E expliquei porquê: naquela altura, Portugal recebeu rios de dinheiro, de países tradicionalmente generosos, para resolver a situação angustiosa em que tantos milhares de portugueses se encontravam. Se, em vez de colocar esses portugueses nos hotéis, lhes tivessem dado uma determinada quantia, por família, e de acordo com o número dos seus membros, imaginassem eles, alunos, como esses deslocados poderiam ter funcionado como uma extraordinária alavanca para, de uma vez por todas, Portugal sair, finalmente, da cepa torta. Sentia-me segura a dizer o que disse e, a provar que tinha razão, vejam como quase todos esses nossos compatriotas souberam integrar-se e progredir, quase sempre a partir do nada, porque o que tinha vindo para eles estava a servir para pagar hospedagem. Ouviram-me calados, atentos, sem comentários e temi que, naquela altura, eles não tivessem percebido metade dos que lhes tinha acabado de dizer.
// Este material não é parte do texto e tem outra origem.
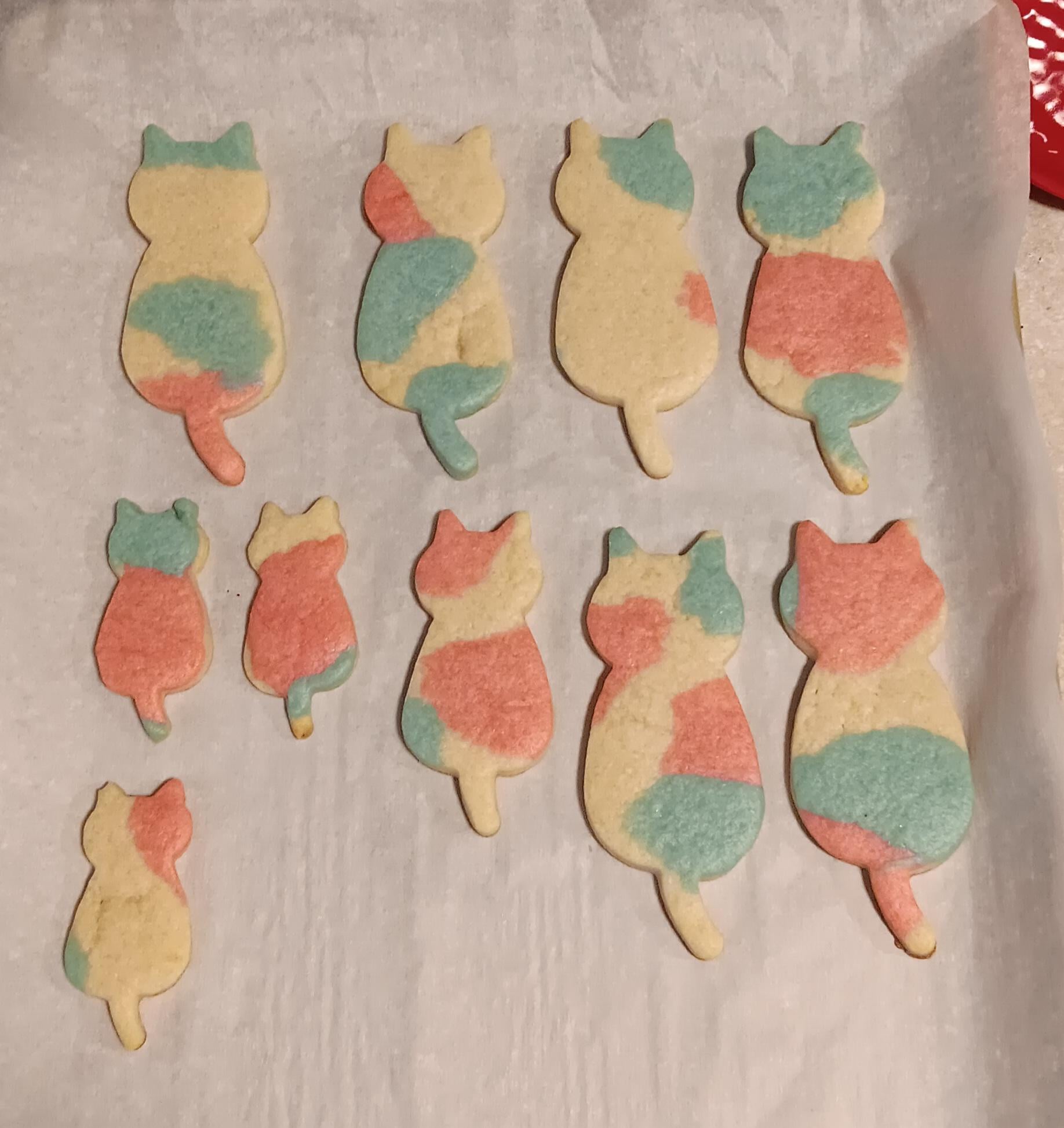 I made trans pride calico cat cookies for my.roommate! I used the Sally's baking addiction sugar cookie recipe for these. Instead of vanilla I used strawberry extract! These were fun and so easy to make!
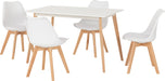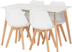 Elevate your dining space with the clean, modern charm of the Bendal Dining Set. Featuring a sleek white tabletop with a beech-effect frame, this set perfectly balances simplicity and warmth. Paired with four stylish Bendal chairs upholstered in crisp white faux leather, this set offers both comfort and contemporary flair. Ideal for kitchens or compact dining areas, it's a fresh and functional choice for everyday dining.
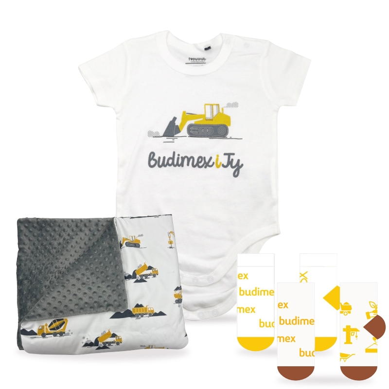 W zestawie znajduje się miękki i przytulny kocyk, klasyczne body oraz urocze skarpetki. Całość zapakowana jest w bawełnianą torbę w kolorze żółtym z długimi uszami, którą można wykorzystać ponownie – praktyczne i ekologiczne rozwiązanie.

Até que, há cerca de seis anos, o tal rapaz, agora um homem, me viu no passeio oposto, atravessou a rua com um sorriso de orelha a orelha e depois dos cumprimentos da praxe, disparou: “Professora, e que me diz agora do que se faz e tem feito dos fundos europeus?” E acrescentou: “Mais uma oportunidade perdida e julgo que esta é mesmo a última”. Senti orgulho por ter sido capaz, afinal, de lhe explicar o nosso fado. E senti-me comovida por, ao fim de mais de 20 anos, ele se ter lembrado da sua “velha professora de inglês”, porque também ele já estava desperto para as oportunidades de trabalhar e se doía de só encontrar desbarato, longe da sua compreensão. Nós, muitos de nós, não fazemos nem deixamos fazer.
E agora estamos para aqui sem “rei nem roque”, porque, na minha humilde opinião, os nossos governantes são pobres e mal agradecidos. Estão para aí a fazer que fazem, julgam que nós somos todos ceguinhos, ficam melindrados com as verdades e só falta voltarem a dizer “já não jogo mais”. E não se impressionam. São surdos, são cegos. E guardaram o tacto que têm para tactear as oportunidades.
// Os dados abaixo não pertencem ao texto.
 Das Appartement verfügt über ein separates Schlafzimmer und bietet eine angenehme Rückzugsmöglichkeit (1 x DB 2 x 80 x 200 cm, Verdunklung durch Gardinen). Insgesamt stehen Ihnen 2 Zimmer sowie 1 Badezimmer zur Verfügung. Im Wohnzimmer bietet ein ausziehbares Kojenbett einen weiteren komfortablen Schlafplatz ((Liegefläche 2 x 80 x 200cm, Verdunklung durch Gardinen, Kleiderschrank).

Apetece-me exigir-lhes que façam uma análise SWOT a Portugal. Não achas necessário, Raul? Bem, estou praticamente a acabar a “minha” História de África. Podem suspirar de alívio…
De meu nome Maria do Carmo Cruz, desejo um mundo mais humano, onde o medo, a desesperança, a fome e a injustiça deixem de encontrar espaço. Acredito que podemos contribuir para que a Alegria, a Esperança, a Justiça e a Solidariedade vençam a batalha por um Mundo melhor.